KENYA – Pharmaceutical giant GlaxoSmithKline (GSK) has announced that it is pulling out of the Kenyan market in 2023 and its factory will remain open under its stand-alone affiliate Haleon amid the global overhaul of the multinational.
Its exit follows disappointing sales for many multinational pharmaceutical companies in the region in the face of competition from cheaper generics from India and locally manufactured medicines.
In July, the multinational healthcare firm spun off the consumer healthcare business and listed it separately as Haleon in shake-up to focus on the lucrative prescription drugs and vaccines business, which has brands like Augmentin, Zentel and Ventolin.
GSK, which mainly deals in prescription drugs and vaccines business, has made a bigger impact in Kenya with its malaria and HIV/AIDS drugs and antibiotics.
The firm said in a press release that it was exiting Kenya as it plans to adopt a distributor-led model to supply the country with its products.
“We will continue to supply our needed medicines and vaccines in Kenya, and we will work with our distribution partners towards a smooth transition in 2023,” the firm reassured.
GSK explained that its operation at Nairobi’s Industrial Area plant will remain open under Haleon, a consumer healthcare venture that deals in products like Sensodyne and Panadol, while noting that the facility will continue to make and sell over-the-counter products from Nairobi.
“The announcement we made was that for our GSK business, we would move to a direct distribution model. This means that instead of having a GSK commercial operation in the country we will supply our medicines and vaccines through a third party,” the firm said.
The manufacturing facility in Kenya is operated by Haleon and GSK was importing medicines and vaccines, whose sales were being handled by its management office, which will shut down.
The review of the Kenya operations comes nearly five years after the pharmaceutical giant announced it was cutting back operations in Africa.
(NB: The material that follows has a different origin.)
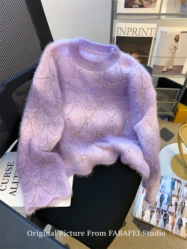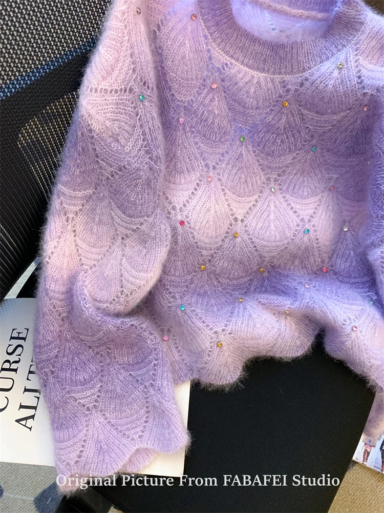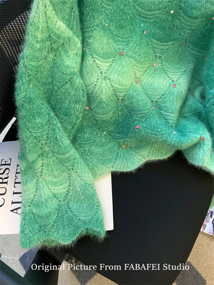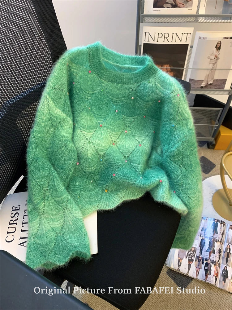 DERMEARNE Autumn Winter Woman French Pullovers Gradient Sweater Long Sleeve O-neck Crop Pullovers Knitwears Korean Jerseys Designer Mohair

It stopped marketing medicines to healthcare professionals in 29 sub-Saharan African markets but continued running local operations in Kenya and Nigeria while retaining representative offices in Cote d’Ivoire and Ghana, according to a newspaper article published by Business Daily.
“Yesterday, we informed employees in Kenya that we will move to a direct distribution model and our operations will be transferred to third-party distributors,” GSK said in an e-mail response to Business Daily.
Furthermore, healthcare stakeholders have expressed concerns about GlaxoSmithKline plans to shut down its commercial operations in Kenya next year as the move will cause job losses.